Acabó con el último trozo de lasaña que quedaba en el plato azul, cogió una última tira de pepino para cubrir las apariencias, dijo que estaba todo muy rico y se levantó de la mesa. Durante todo el trayecto desde la cocina hasta su habitación, sintió los ojos de su madre clavados en la espalda como dos puntiagudas jeringuillas.
¿Le meterían en la cárcel si decía lo que sabía?, se preguntó al dejarse caer sobre la cama. Lo que Tommy y él habían hecho aquel día solitario del otoño pasado en el campo de fútbol era espantoso, sí, hasta perverso; ahora se daba cuenta. Se habían azuzado el uno al otro y habían llegado mucho más lejos de lo que pensaban. Aunque aquel día, su amigo parecía mucho menos afectado por el episodio que él, hasta Tommy palideció un poco la única vez que lo recordaron. Por las noches, al cerrar los ojos, Stefan seguía viendo el revoltillo de hojas caídas y setas despedazadas, oliendo la tierra empapada de lluvia y oyendo los gritos de la niña. Aquella voz aguda y estridente.
Pero ellos no eran los únicos. Eso había descubierto. En otro rincón del pueblo había quien ocultaba secretos como el suyo. Secretos peores. Sin embargo, decirlo en voz alta implicaba tener que contarle a alguien lo que él había hecho, y antes de sacarlo a la luz necesitaba estar más seguro de que había una relación. Y ¿la había? ¿Cómo asegurarse?

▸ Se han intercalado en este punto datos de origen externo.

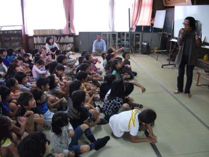 大石先生が「今年も今熊野小学校で,みんなに逢えてよかった,よかった。』と身ぶりを加えて言われると,低学年の子ども達は,そのしぐさにノリノリになりました。その後,『よかったね ネットくん』のお話を読んでいただき,「なんちゅうこっちゃ。」「よかった,よかった。」という言葉が出てくるたびに,体全身で動作をし,お話に引き込まれて楽しんでいました。

Stefan tenía una buena vida si se comparaba con otros chicos de su edad. Incluso en la escala de Mårslet. Dos años antes, tras su confirmación, le habían cedido el dormitorio más grande de la casa para que tuviera sitio para poner una mesa y su Dell portátil. Su madre era de la opinión de que un adolescente necesita su propio espacio; le ayudó con la decoración y le consiguió un estupendo póster de Eragon y el pequeño televisor que colgaba del techo. Le trataban bien, era consciente. Sus padres jamás le habían pegado y le hablaban con respeto. El único problema era que no estaban allí. Incluso cuando se encontraban a su alcance físicamente y se mostraban preocupados, era como si su mente estuviera en otro sitio. ¿Qué dirían si supieran lo que había hecho? Sólo de pensarlo se le encogía el estómago.
Y la prueba, lo que había hecho, estaba en circulación. Vivía su propia vida en algún lugar, como un mudo fragmento digital de la maldad. Sólo era cuestión de tiempo que volviera al pueblo y alguien lo dijera en voz alta.